Your instructions:
Write out exactly the lines between the line containing "The Item Fees" and the end of the records, counting both ends, and leave out all pictures.
#### Records
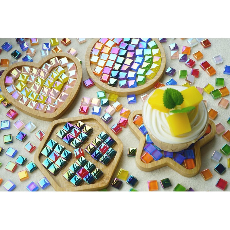 These versatile tiles are excellent for crafting mosaic coasters, decorative glass lamps, and unique personalized gifts.
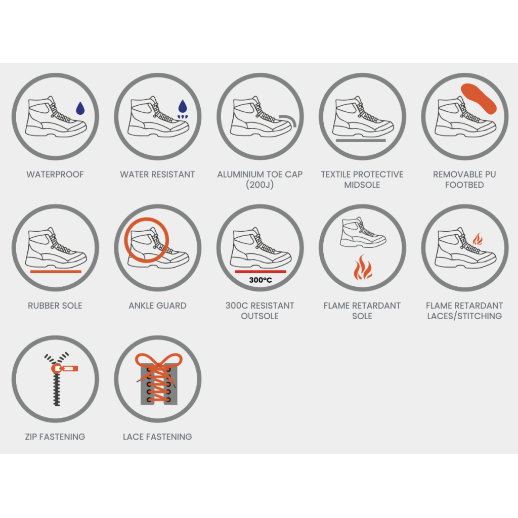 Pyros brannstøvel (20 cm) er høyytende allsidige brann- og redningsstøvler med lynlås foran, tykt fullnarvet flammehemmende lær og verdensledende teknologi GORE-TEX®-stoff for eksepsjonell pusteevne for å holde føttene varme og tørre. Pyros er designet med en beskyttende aluminiumståhette og tekstilbeskyttende mellomsåle, og har et høyvegget DDR-sålesystem injisert på overdelen for optimal feste.
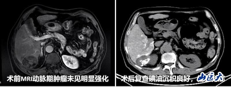 手术过程中,在CBCT的实时引导下,团队精准锁定患者肿瘤的三支供血动脉,并利用微导管逐一超选至目标血管,顺利完成化疗栓塞。栓塞后造影显示肿瘤血管完全消失,病灶碘油沉积良好。术后一周复查CT,碘油沉积范围与PET/CT提示的活性病灶范围完全一致,治疗效果明显。
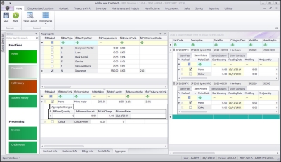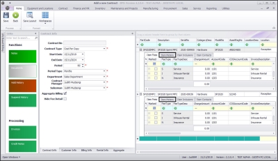 The Item Fees frame displays Contract Item Fees that can be linked or are linked to a contract item e.g., a machine. Item Fees linked to a contract item will appear on the contract invoice when billing.
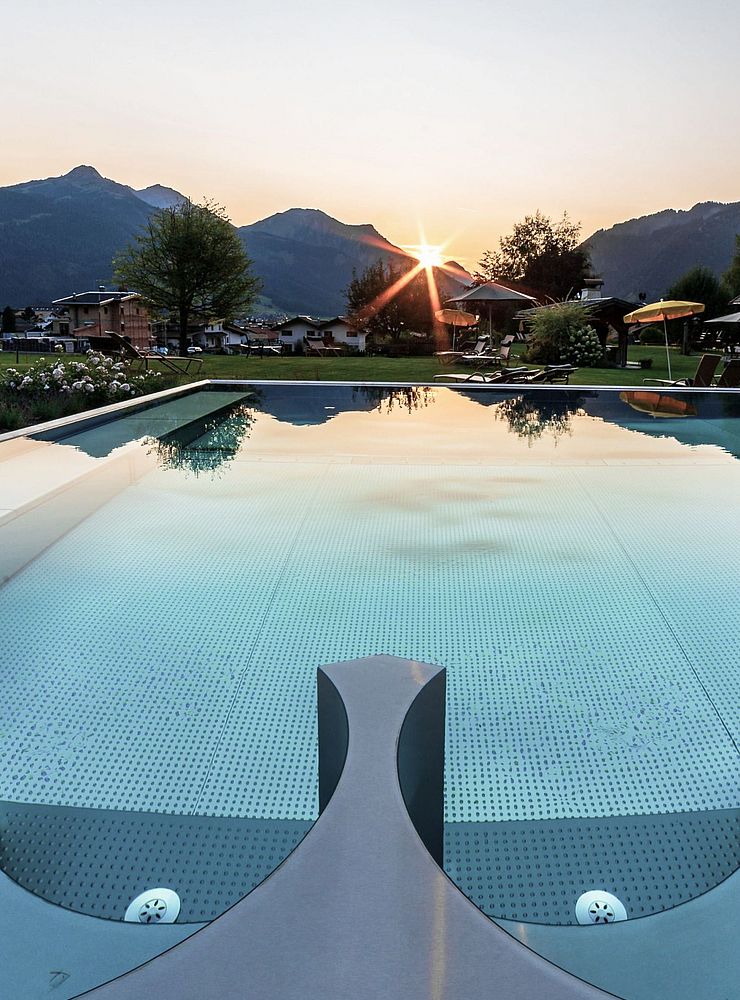 Ein wohlig-warmer Ort der Erholung im Winter, geöffnet von 7:30 bis 19:00 Uhr. Wenn die Schneeflocken sich sanft über die Landschaft legen, baden Sie im beheizten Felsenpool. Lassen sich treiben und genießen die Aussicht. Das geht natürlich auch im Sommer, wenn sich die Bergspitzen in der Wasseroberfläche spiegeln und im Hintergrund das Vogelgezwitscher den Soundtrack zu Ihrem Erholungsmoment liefert. Massagedüsen sorgen für übersprudelnde Freude im Innen- und Außenbereich. Außerdem befinden sich hier auch großzügige Ruheräume, die Plauderstube und die Textilsauna für die ganze Familie.
########
Output for this task:
 The Item Fees frame displays Contract Item Fees that can be linked or are linked to a contract item e.g., a machine. Item Fees linked to a contract item will appear on the contract invoice when billing.
 Ein wohlig-warmer Ort der Erholung im Winter, geöffnet von 7:30 bis 19:00 Uhr. Wenn die Schneeflocken sich sanft über die Landschaft legen, baden Sie im beheizten Felsenpool. Lassen sich treiben und genießen die Aussicht. Das geht natürlich auch im Sommer, wenn sich die Bergspitzen in der Wasseroberfläche spiegeln und im Hintergrund das Vogelgezwitscher den Soundtrack zu Ihrem Erholungsmoment liefert. Massagedüsen sorgen für übersprudelnde Freude im Innen- und Außenbereich. Außerdem befinden sich hier auch großzügige Ruheräume, die Plauderstube und die Textilsauna für die ganze Familie.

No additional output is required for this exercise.